### What you are asked to do:
From the first line to the last, set down the material exactly, leaving out its pictures.

### Collected material:
****************

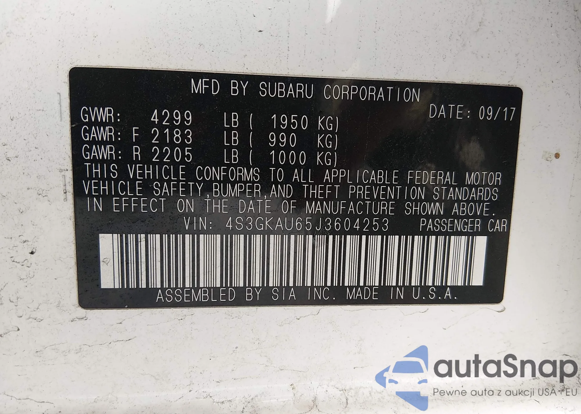 VIN: 4S3GKAU65J3604253
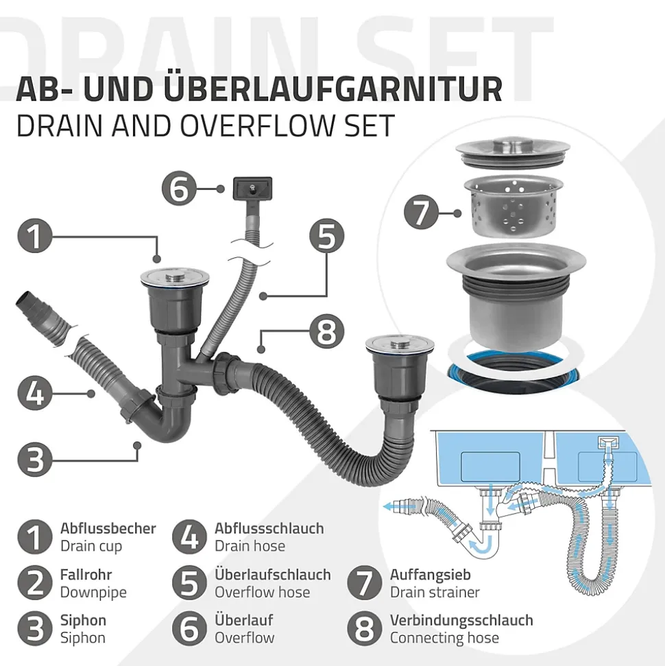 Description du produit:Double fonctionnalité en parfaite harmonie : ton nouvel évier double en inox (81,5 x 40 cm).Découvre le confort et l’élégance d’un évier encastré spacieux dans ta cuisine ! Avec ce double évier en inox de haute qualité (81,5 x 40 cm), tu disposes non seulement de suffisamment de place pour tous tes travaux de cuisine, mais aussi d’un design intemporel qui s’intègre parfaitement à tout environnement de cuisine.Aperçu de tes avantages:Double confort de travail : deux vasques spacieuses d’une profondeur de 19 cm chacune t’offrent suffisamment de place pour laver, égoutter et préparer.Écoulement optimal de l’eau : les plis dans la cuve assurent un écoulement libre de l’eau et empêchent l’eau de stagner.Montage flexible : qu’il soit encastré, à poser ou à encastrer, cet évier s’adapte parfaitement à tes besoins individuels et aux circonstances.Acier inoxydable de haute qualité : l’évier est fabriqué en acier inoxydable durable, hygiénique et facile à entretenir.Vaisselle silencieuse : les tapis insonorisants intégrés atténuent les bruits lors de la vaisselle et garantissent un calme agréable dans ta cuisine.Protection contre la condensation : un revêtement de protection spécial empêche la formation de condensation gênante à l’extérieur de l’évier.Garniture de vidage incluse : la garniture de vidage adaptée est incluse dans la livraison, de sorte que tu peux utiliser ton évier immédiatement après le montage.Cet évier en acier inoxydable est le choix parfait pour toi si tu accordes de l’importance à la qualité, à la fonctionnalité et au design moderne.Livraison:1 x évier double1 x garniture d’écoulement et de trop-pleinAttention: un robinet n’est pas inclus dans la livraison!Information technique:Matériau : acier inoxydableCouleur : argentPoids : 8,4 kgDimensions : 815 x 400 mmProfondeur cuve : 190 mmHauteur : 200 mmÉpaisseur du matériau du bassin : 1 mmEpaisseur du panneau supérieur : 1 mm
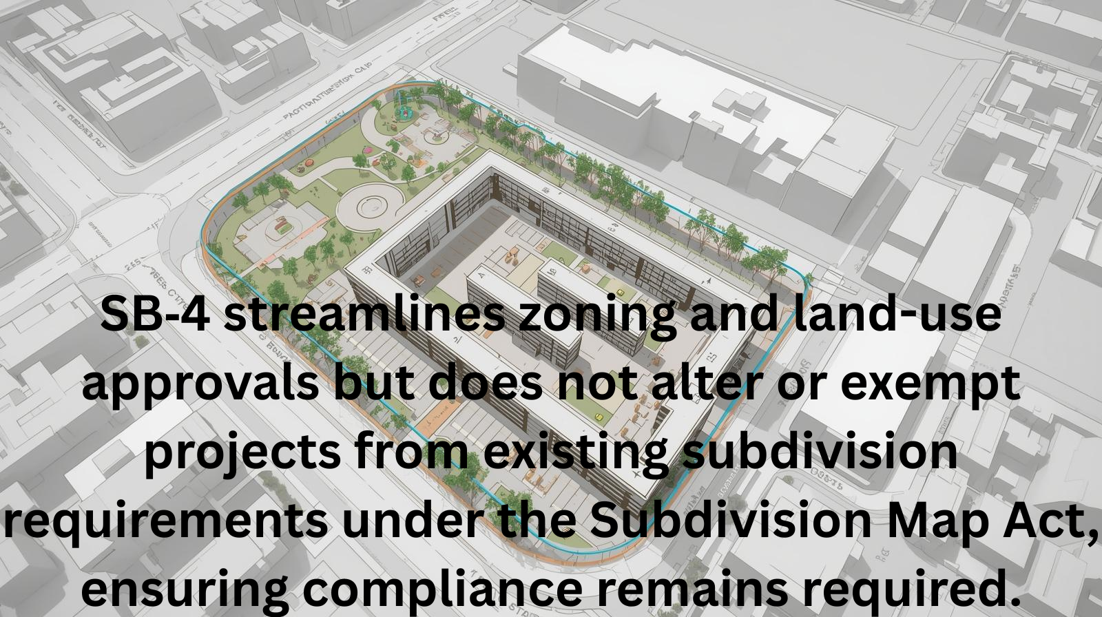 - SB‑4 is a use-by-right development statute, not a subdivision statute—no part of SB‑4 references subdivision exemptions or changes to the Subdivision Map Act.

****************

### Task answer:
 VIN: 4S3GKAU65J3604253
 Description du produit:Double fonctionnalité en parfaite harmonie : ton nouvel évier double en inox (81,5 x 40 cm).Découvre le confort et l’élégance d’un évier encastré spacieux dans ta cuisine ! Avec ce double évier en inox de haute qualité (81,5 x 40 cm), tu disposes non seulement de suffisamment de place pour tous tes travaux de cuisine, mais aussi d’un design intemporel qui s’intègre parfaitement à tout environnement de cuisine.Aperçu de tes avantages:Double confort de travail : deux vasques spacieuses d’une profondeur de 19 cm chacune t’offrent suffisamment de place pour laver, égoutter et préparer.Écoulement optimal de l’eau : les plis dans la cuve assurent un écoulement libre de l’eau et empêchent l’eau de stagner.Montage flexible : qu’il soit encastré, à poser ou à encastrer, cet évier s’adapte parfaitement à tes besoins individuels et aux circonstances.Acier inoxydable de haute qualité : l’évier est fabriqué en acier inoxydable durable, hygiénique et facile à entretenir.Vaisselle silencieuse : les tapis insonorisants intégrés atténuent les bruits lors de la vaisselle et garantissent un calme agréable dans ta cuisine.Protection contre la condensation : un revêtement de protection spécial empêche la formation de condensation gênante à l’extérieur de l’évier.Garniture de vidage incluse : la garniture de vidage adaptée est incluse dans la livraison, de sorte que tu peux utiliser ton évier immédiatement après le montage.Cet évier en acier inoxydable est le choix parfait pour toi si tu accordes de l’importance à la qualité, à la fonctionnalité et au design moderne.Livraison:1 x évier double1 x garniture d’écoulement et de trop-pleinAttention: un robinet n’est pas inclus dans la livraison!Information technique:Matériau : acier inoxydableCouleur : argentPoids : 8,4 kgDimensions : 815 x 400 mmProfondeur cuve : 190 mmHauteur : 200 mmÉpaisseur du matériau du bassin : 1 mmEpaisseur du panneau supérieur : 1 mm
 - SB‑4 is a use-by-right development statute, not a subdivision statute—no part of SB‑4 references subdivision exemptions or changes to the Subdivision Map Act.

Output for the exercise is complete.